We were there one Wednesday afternoon, they reckon these planes were so heavy with bombs that they used to ‘bounce’ them off the runway. We were watching this plane; he had got near Shippea Hill (a few miles from R.A.F. Lakenheath) when there was one big ball of fire. The whole lot blew up. I can still see the aircrews now, they carried on working but they had had the stuffing knocked out. That was a regular thing for them.
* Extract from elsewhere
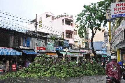 Tại góc ngã tư Mai Thị Lựu - Bùi Hữu Nghĩa (P.Đa Kao, Q.1) một cây xanh bị gió quét mạnh làm tét gãy phần ngọn cây. Nghe tiếng la thất thanh của người dân cùng tiếng gãy đổ ầm ầm của cây, kéo theo dây điện đứt rơi vãi xung quanh khiến những người vừa điều khiển xe và đi bộ qua đây hốt hoảng tháo chạy tán loạn.

I remember there were some Canadians down on the London Road, of course they used to get on the booze and get up to all sorts of stuff. Well this particular night they threw a liquid soap container through somebody’s window, and they (the house owner) thought it was a bomb. If we saw it today we would say "vandals", but for these blokes they were away from home, on the beer and in the prime of their lives, but they could also be dead the next morning.

Cinema

The cinema was our only entertainment. They used to queue up and I have seen them queue way, way, past the Church Institute. Just imagine 100s of people trying to get in through the doors. Then they had the bright idea of putting those railings up to ‘funnel’ you in.
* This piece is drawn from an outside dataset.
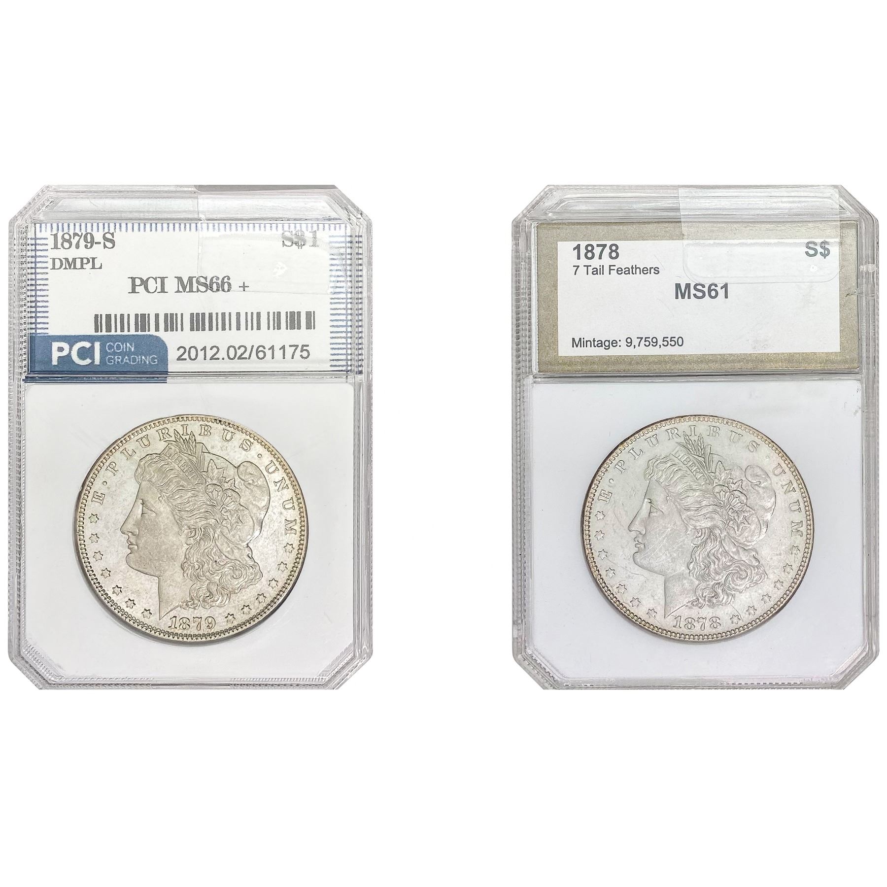 1878-1879 [2] Morgan Silver Dollar PCI MS61-66 DMPL

Every now and then there would be a big bang, or the siren would go. The film would still carry on. I can’t remember them ever stopping the show. There used to be an ol’ girl there, named Tilly Underwood, she would be the usherette with her torch.

That wasn't the original cinema, before, there used to be an old wooden cinema but it got burned down. They built the new one in just 9 weeks and they worked night and day. I always remember it because when we were kids we would come home from school and the foreman would want something from the shop, maybe a ball of string or a packet of fags and he would give us tuppence. We would go to the shop and tell them who it was for. It was a very modern cinema and Towlers used to ship people into Brandon by bus. In those days they had buses to bring people into Brandon to go shopping. You could buy just about anything and at one time Brandon had four bakeries: Clarkes, Zipfells, Hyams and the Co-op.

Enemy Action In Brandon

We only had about 12 bombs dropped on Brandon. One stick was dropped from the Water Works and ended up at the back of the council houses on Thetford Road. We that heard one.
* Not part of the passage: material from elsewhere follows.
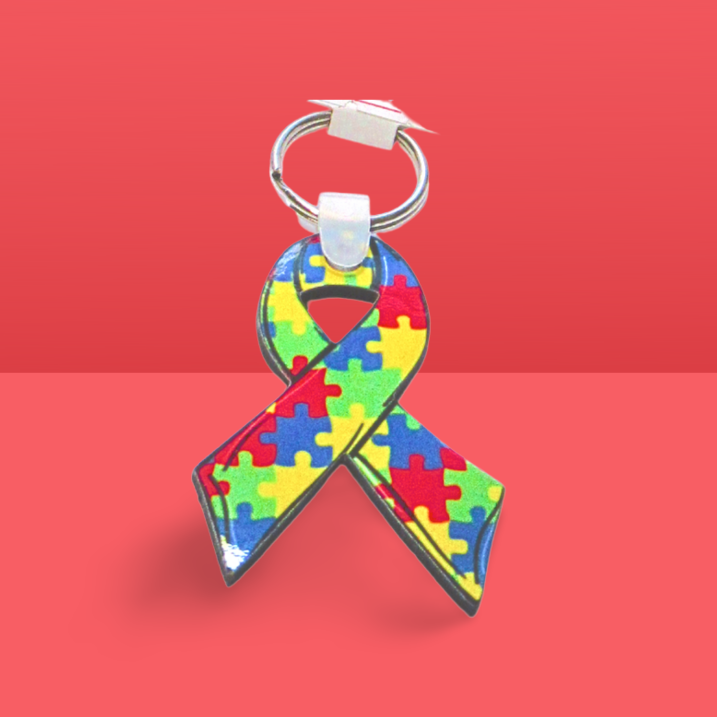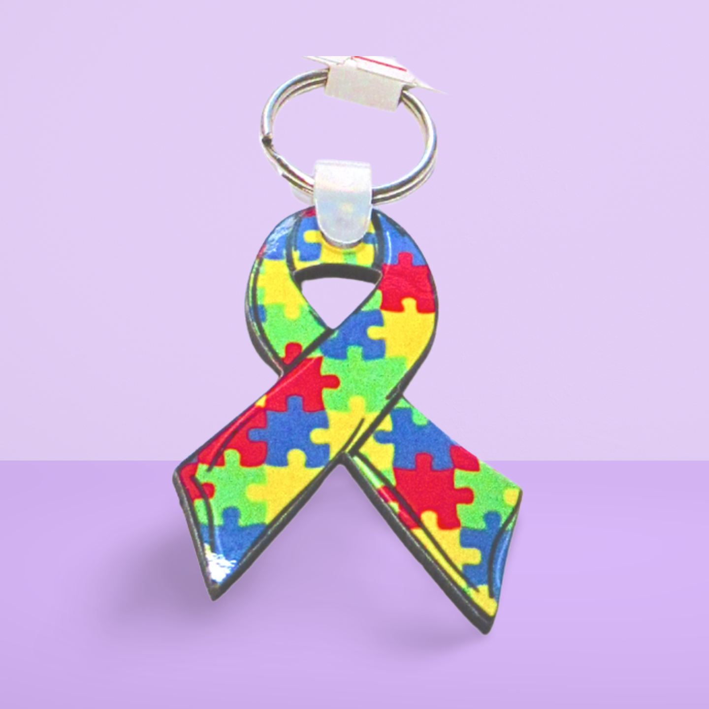 Ribbon Shaped Autism Awareness Sublimated Keychain

The other incident I remember is the machine gunning of the school. That was at one minute to one. I tell you how I know it was one minute to one ... I was working at Woodrow’s (on the Market Hill), I turned to look around the corner to look at the town clock and just as I put my head around the corner I heard the machine gun. I think the only casualty was a woman standing in a doorway, as the shells hit the ground some of the shingle flew up and hit her in the leg.